5. After a “peek” into the merits of the § 2744.07 question, cf. Perry v. Martinez, 2011 WL 9304, at *2 (N.D. Ohio) (quoting Phillips v. Seiter, 173 F.3d 609, 610 (7th Cir. 1999)), the Court is skeptical TPS may avoid its duty to defend and indemnify Pelz in this action. For, even if Pelz utilized more force than necessary to restrain J.M. or incorrectly determined J.M. needed to be restrained in the first instance, the record at the current time is largely devoid of evidence establishing Pelz actions were “either self-serving or wholly detached from the business of” maintaining order in his special education classroom. Gillispie, 2025 WL 1276900, at *12. Specifically, it is not enough that Pelz’s actions be wrong, harmful, or otherwise sufficiently tortious so as to create liability. See Thomas v. Ohio Dep’t of Rehab. & Corr., 548 N.E.2d 991, 994 (Ohio Ct. App. 1988). Rather, the act must be so egregious so as to have “no relationship to the conduct of [TPS’s] business” or to “sever[] the relationship of employer-employee.” Id.
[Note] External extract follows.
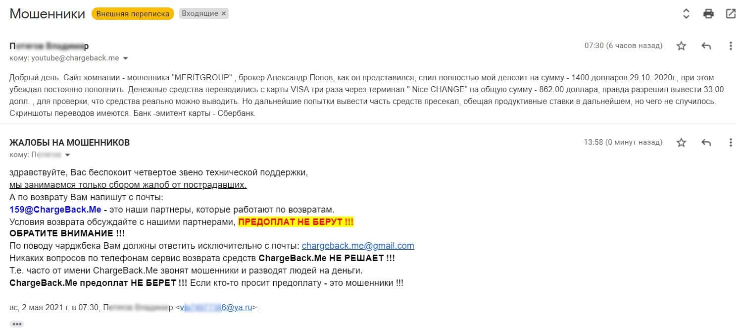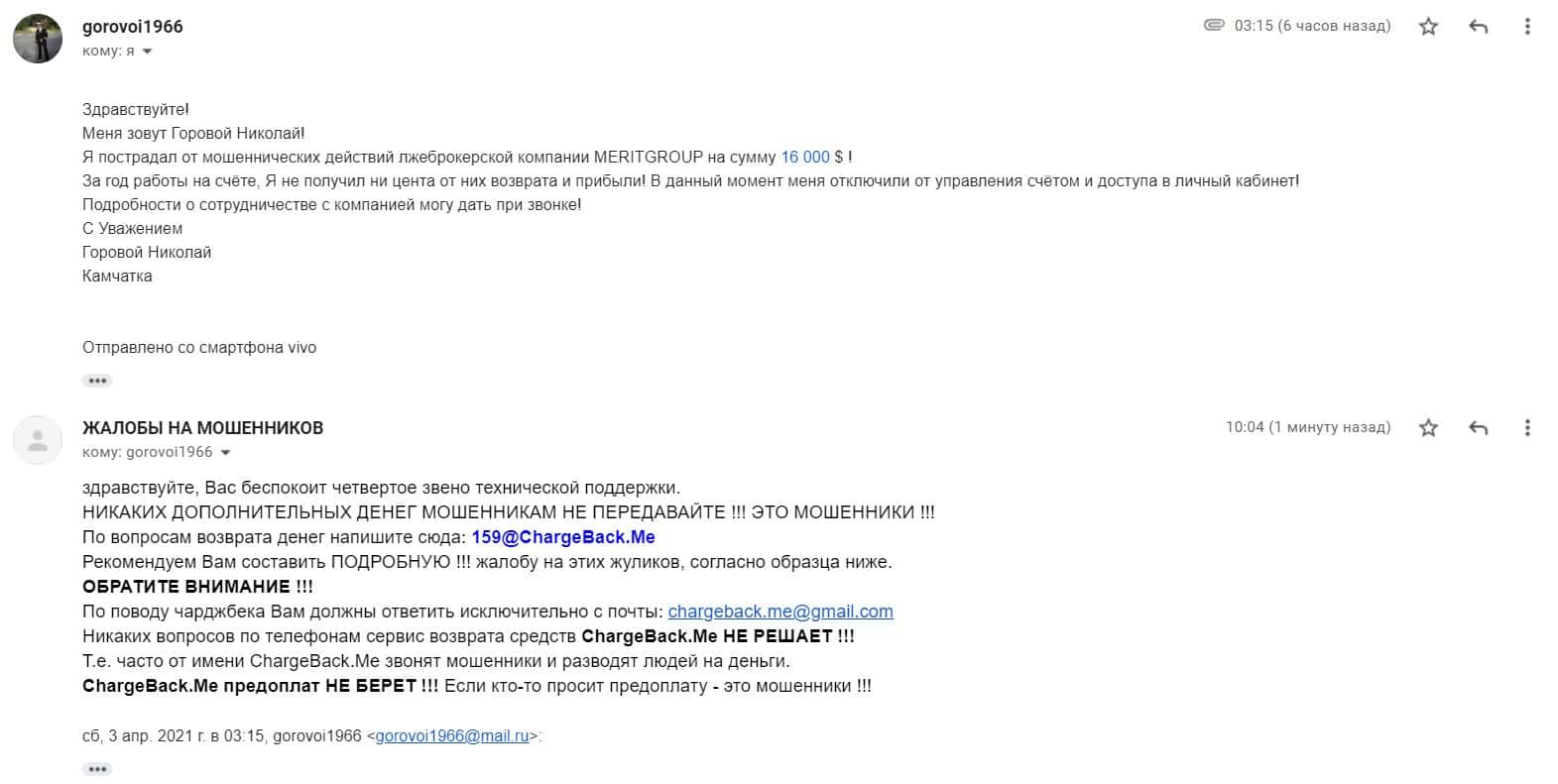 В данном разделе предлагаем увидеть информационный материал в виде жалобы на лохотронщиков Мерит Групп, которые развели клиента на 16 000 $ США.

Nevertheless, as the merits of TPS’s Motion are not before it at this juncture, the Court reserves judgment on this question until a party properly asserts a claim for relief under § 2744.07. CONCLUSION For the foregoing reasons, good cause appearing, it is ORDERED that Defendant Board of Education of the Toledo City School District’s Motion for Determination (Doc. 31) be, and the same hereby is, DENIED; and it is FURTHER ORDERED that Defendants Board of Education of the Toledo City School
District and Garrett Pelz are GRANTED leave to amend their respective Answers to add a cross- claim pursuant to Ohio Rev. Code § 2744.07 should either wish to do so.